Using only aggregate vital signs as data inputs we evaluated model performance across variable vitals data extraction windows. Figure 4 illustrates AUC values (y-axis) of each model at different extraction window sizes (x-axis). In both models, there appears a point of diminishing returns around 200 minutes where additional vital signs data do not continue to improve results. This behavior is seen in both prediction models across all patient cohorts.

Figure 4. Predication AUC for risk factor and nonrisk factor patients with variable vital signs extraction time windows from 15 minutes to 720 minutes using only vital signs as model inputs. The x-axis represents the total number of minutes from ICU admission that vital signs were extracted from the database, meaning at higher time values more data was extracted. AUC: area under receiver operating characteristic curve; ICU: intensive care unit.
View this figure

We then used the random forest model to identify which discrete features were most influential in predicting heart failure by plotting the relative feature importance. We applied the same number of estimators (n_estimators=150) and calculated feature importance for all lab values and APACHE variables (Figure 5). The selected top features were similar between risk factor and nonrisk factor patients. In addition, many of the top 10 features are laboratory values, even though, when used as individual inputs, APACHE variables outperformed laboratory measurements.

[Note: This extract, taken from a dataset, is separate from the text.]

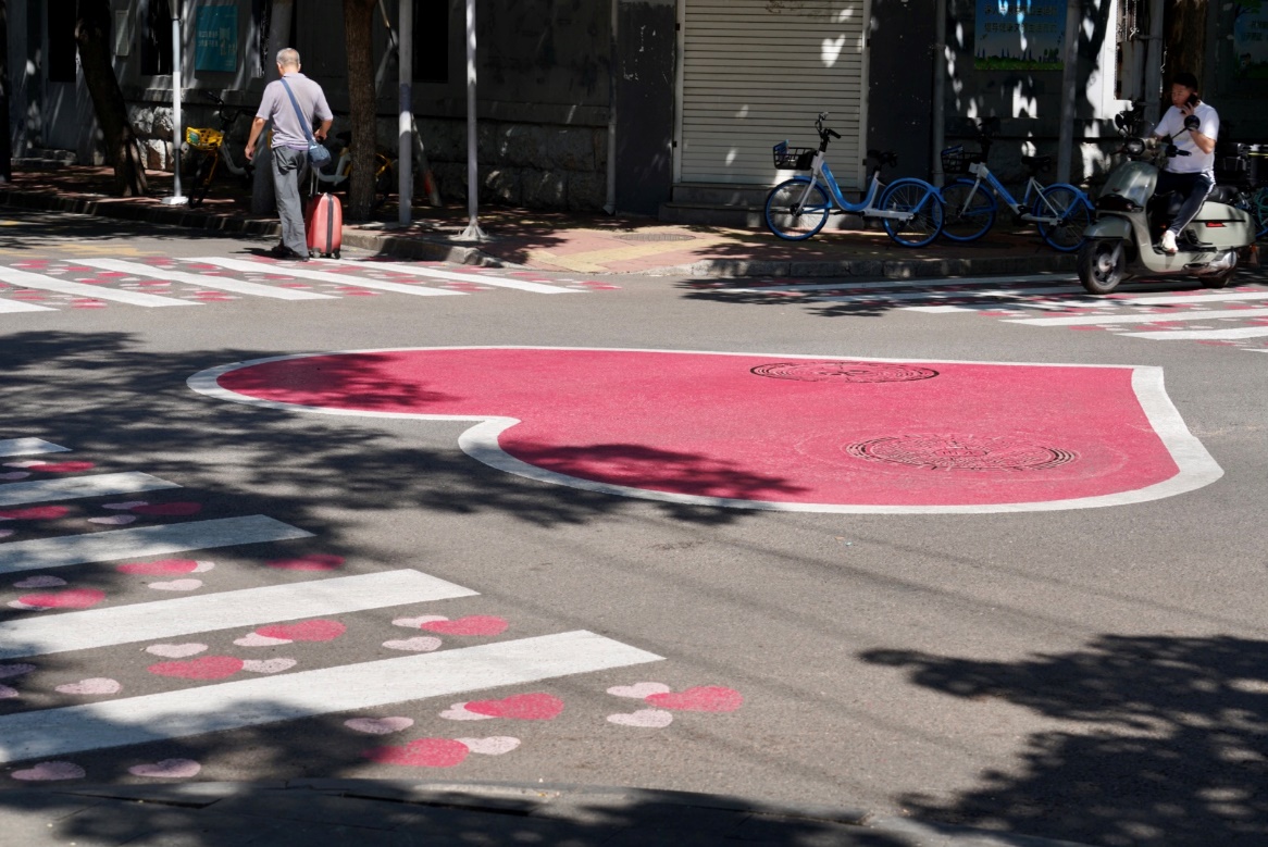 经三路爱心斑马线。澎湃新闻记者 王珏玮 摄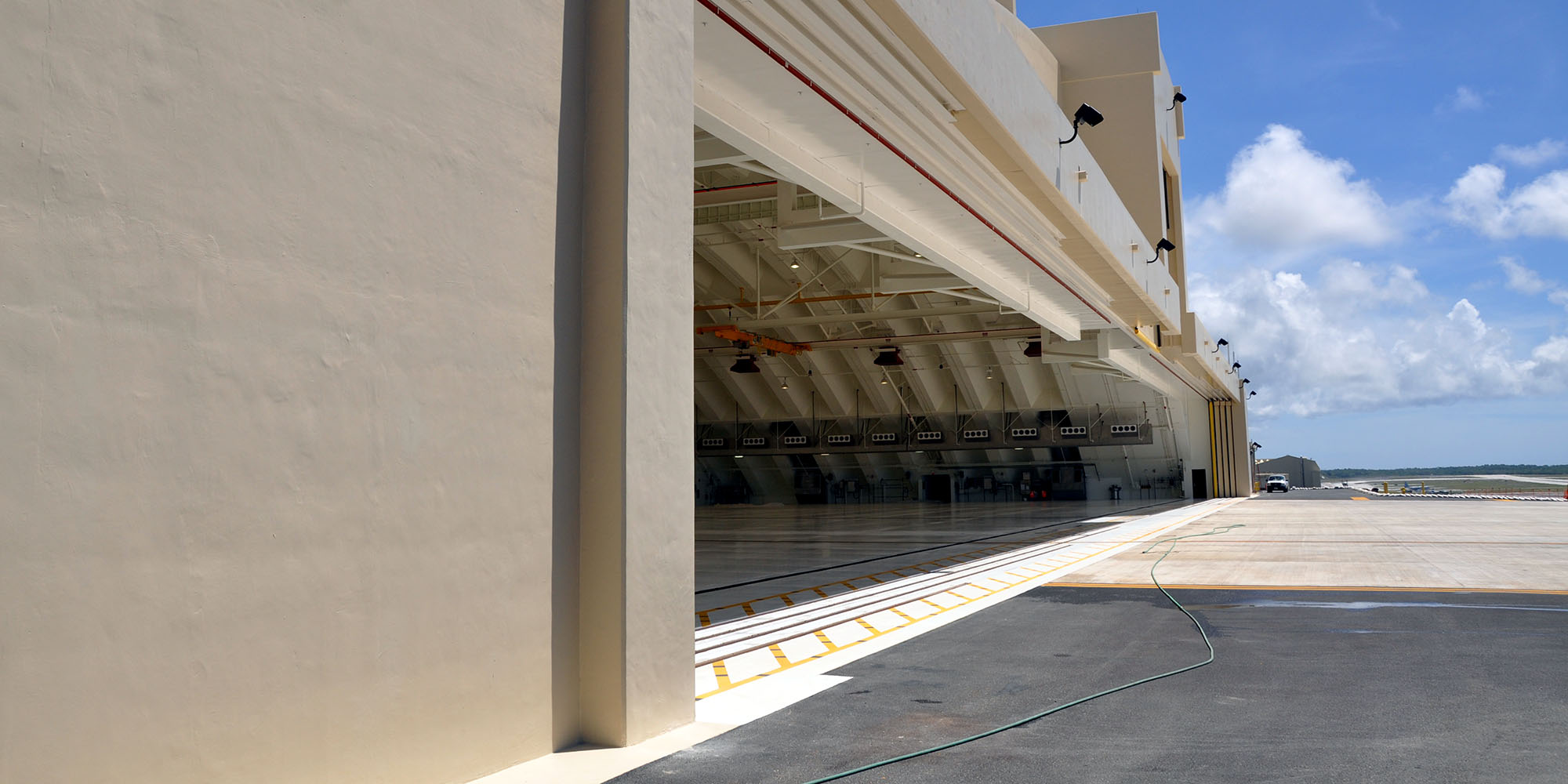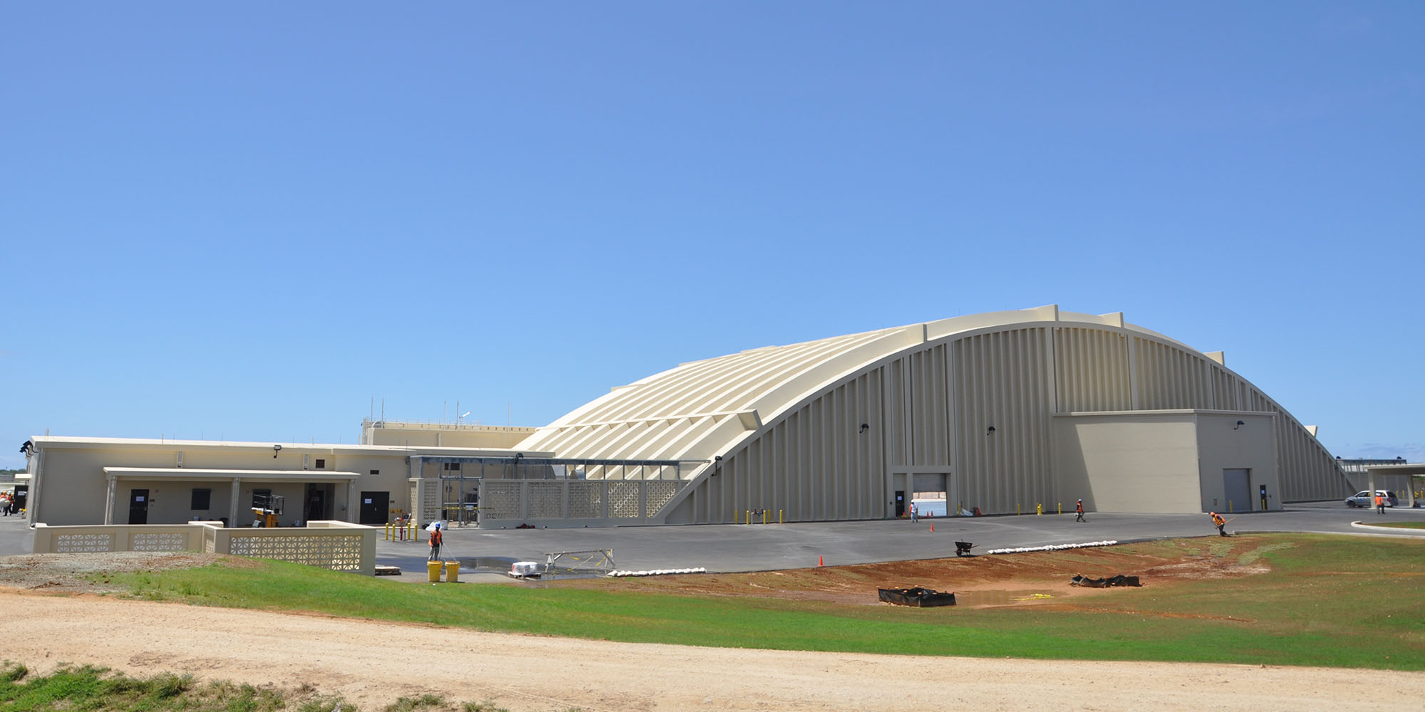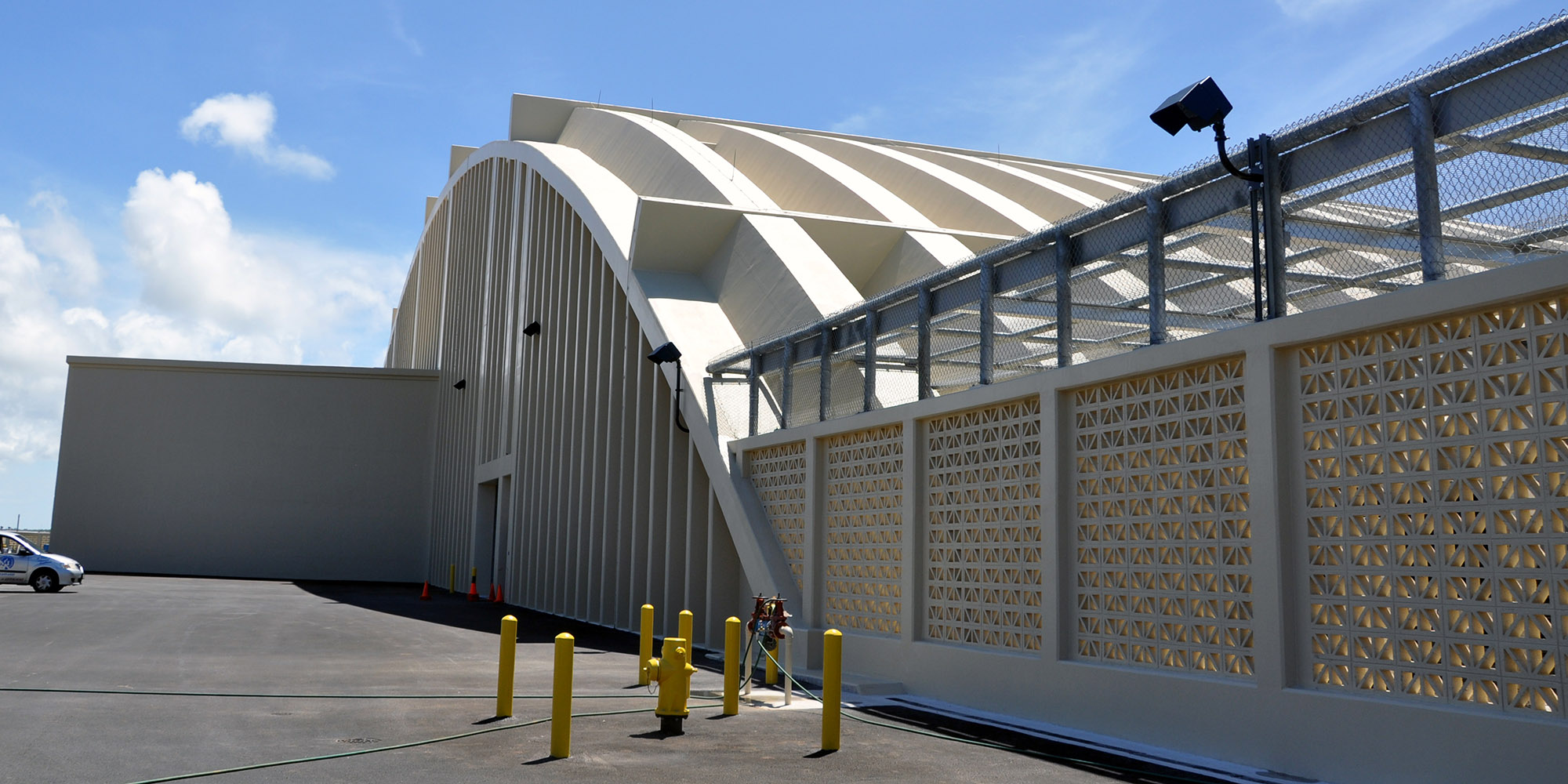 The work included reinforced concrete footings and floor slab, pre-cast concrete arch roof, pre-cast architectural concrete, CMU, fluid applied elastomeric roofing, steel sliding hangar and tail doors, building finishes, hangar floor coating, fire suppression/detection system, intrusion detection system, overhead electric cranes, A/C, and electrical/communications systems. Site work included the connecting of utilities, storm drainage system, sewage lift station, pump building and water supply tank, asphalt and concrete pavement, exterior lighting and incidental site work.

Figure 5. Random forest feature importance with 150 estimators for nonrisk factor and risk factor patients. BUN: blood urea nitrogen.
View this figure

Performance and Clinical Relevance

In this study, we evaluated two interpretable prediction models for decompensation in critical care using heart failure onset as a target outcome. Both logistic regression and random forest were evaluated as close to the time of ICU admission as possible using multiple types of input features.

We found that results across all four cohorts showed reasonable prediction accuracy. Generally, random forest outperformed multivariate logistic regression. On an individual basis, APACHE variables predicted heart failure onset better than laboratory measurements or vital signs; however, the best performance was achieved when model inputs were combined. Trials consisting of APACHE and laboratory measurements or all three data inputs (APACHE, labs, and vitals) had the highest performance metrics compared to any individual trial. This was corroborated by random forest feature selection highlighting several laboratory measurements as important to heart failure prediction relative to other input features.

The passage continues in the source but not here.